What is needed:
Every picture should be left out, but the lines below must be repeated exactly.
----- Given material -----
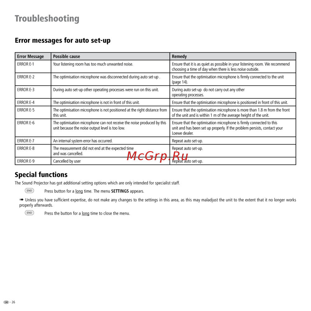 Loewe Individual Sound Projector — решение проблем с ошибками при автоматической настройке устройства [26/30]
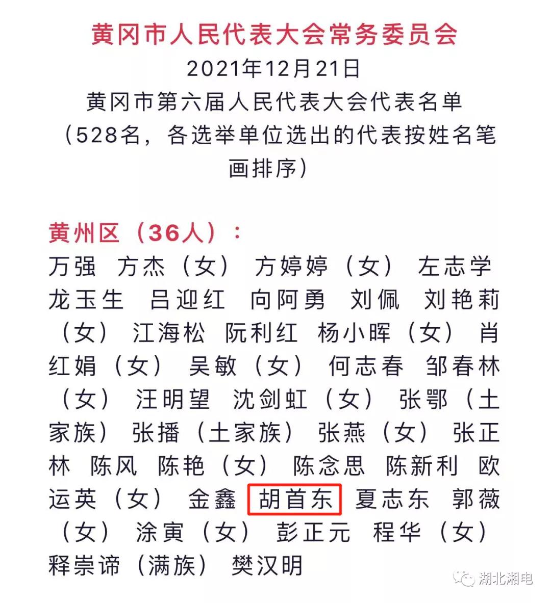 2021年12月21日,在黄冈市第五届人民代表大会常务委员会第四十一次会议上,湖北湘电建设工程有限公司董事长胡首东当选黄冈市第六届人大代表。
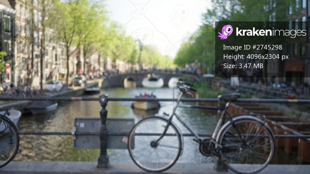 Blurred bicycle on amsterdam canal bridge with defocused background highlighting trees and historic architecture under bright daylight.
-----
Output:
 Loewe Individual Sound Projector — решение проблем с ошибками при автоматической настройке устройства [26/30]
 2021年12月21日,在黄冈市第五届人民代表大会常务委员会第四十一次会议上,湖北湘电建设工程有限公司董事长胡首东当选黄冈市第六届人大代表。
 Blurred bicycle on amsterdam canal bridge with defocused background highlighting trees and historic architecture under bright daylight.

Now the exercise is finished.